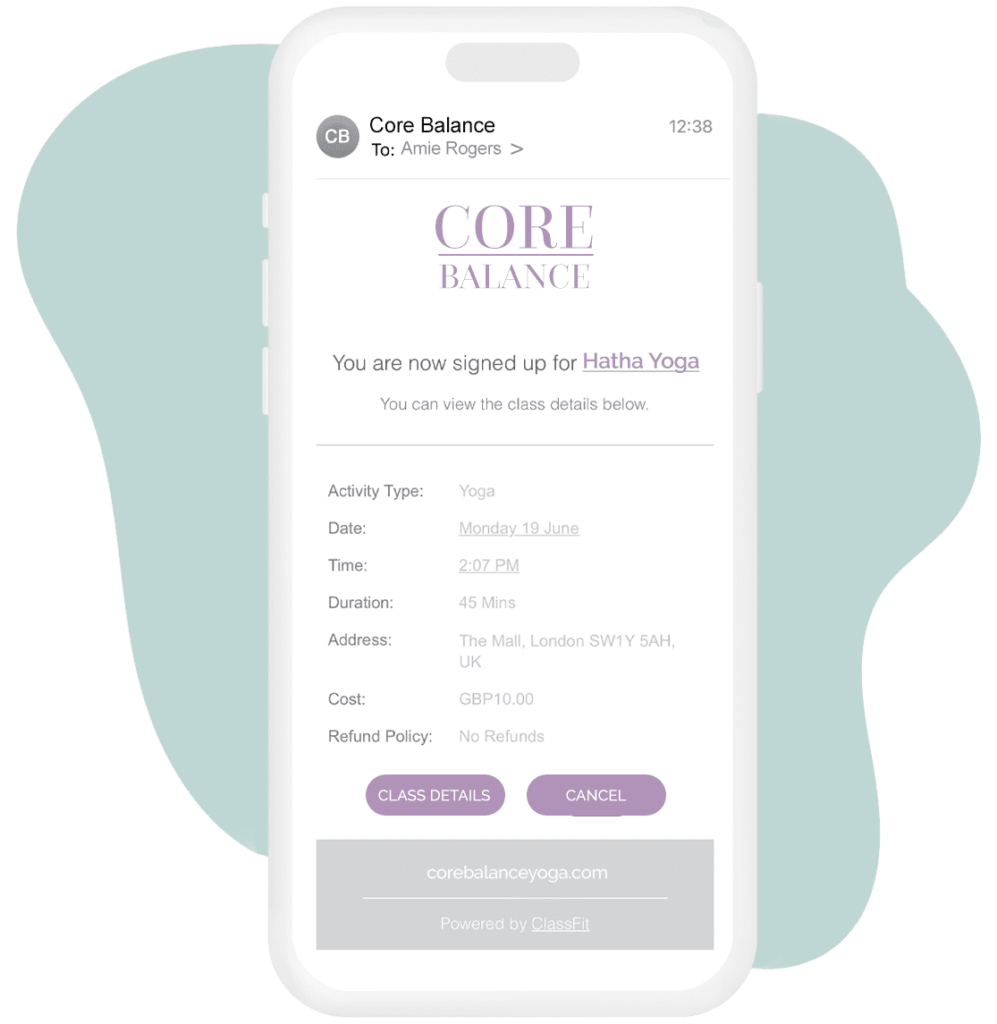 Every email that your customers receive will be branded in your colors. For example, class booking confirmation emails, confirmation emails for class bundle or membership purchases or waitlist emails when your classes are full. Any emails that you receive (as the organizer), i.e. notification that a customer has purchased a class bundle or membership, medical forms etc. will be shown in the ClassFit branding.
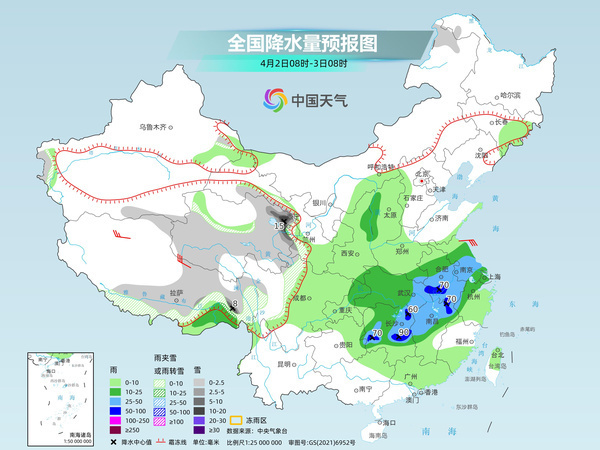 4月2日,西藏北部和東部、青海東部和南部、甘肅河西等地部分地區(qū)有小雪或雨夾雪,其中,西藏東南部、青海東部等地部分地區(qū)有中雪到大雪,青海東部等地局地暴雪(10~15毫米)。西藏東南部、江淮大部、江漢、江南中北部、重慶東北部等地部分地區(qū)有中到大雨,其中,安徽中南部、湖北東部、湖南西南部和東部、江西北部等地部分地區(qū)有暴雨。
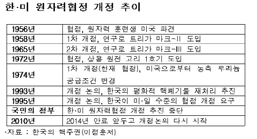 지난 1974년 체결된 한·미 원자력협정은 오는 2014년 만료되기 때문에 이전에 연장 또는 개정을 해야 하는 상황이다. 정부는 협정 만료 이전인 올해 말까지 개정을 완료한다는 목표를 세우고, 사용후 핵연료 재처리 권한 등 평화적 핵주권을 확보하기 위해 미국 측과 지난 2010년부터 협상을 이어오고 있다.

*****

Only the lines from the one containing "4月2日,西藏北部和東部、青" through the end of the data above are to be output, exactly and without pictures.

 4月2日,西藏北部和東部、青海東部和南部、甘肅河西等地部分地區(qū)有小雪或雨夾雪,其中,西藏東南部、青海東部等地部分地區(qū)有中雪到大雪,青海東部等地局地暴雪(10~15毫米)。西藏東南部、江淮大部、江漢、江南中北部、重慶東北部等地部分地區(qū)有中到大雨,其中,安徽中南部、湖北東部、湖南西南部和東部、江西北部等地部分地區(qū)有暴雨。
 지난 1974년 체결된 한·미 원자력협정은 오는 2014년 만료되기 때문에 이전에 연장 또는 개정을 해야 하는 상황이다. 정부는 협정 만료 이전인 올해 말까지 개정을 완료한다는 목표를 세우고, 사용후 핵연료 재처리 권한 등 평화적 핵주권을 확보하기 위해 미국 측과 지난 2010년부터 협상을 이어오고 있다.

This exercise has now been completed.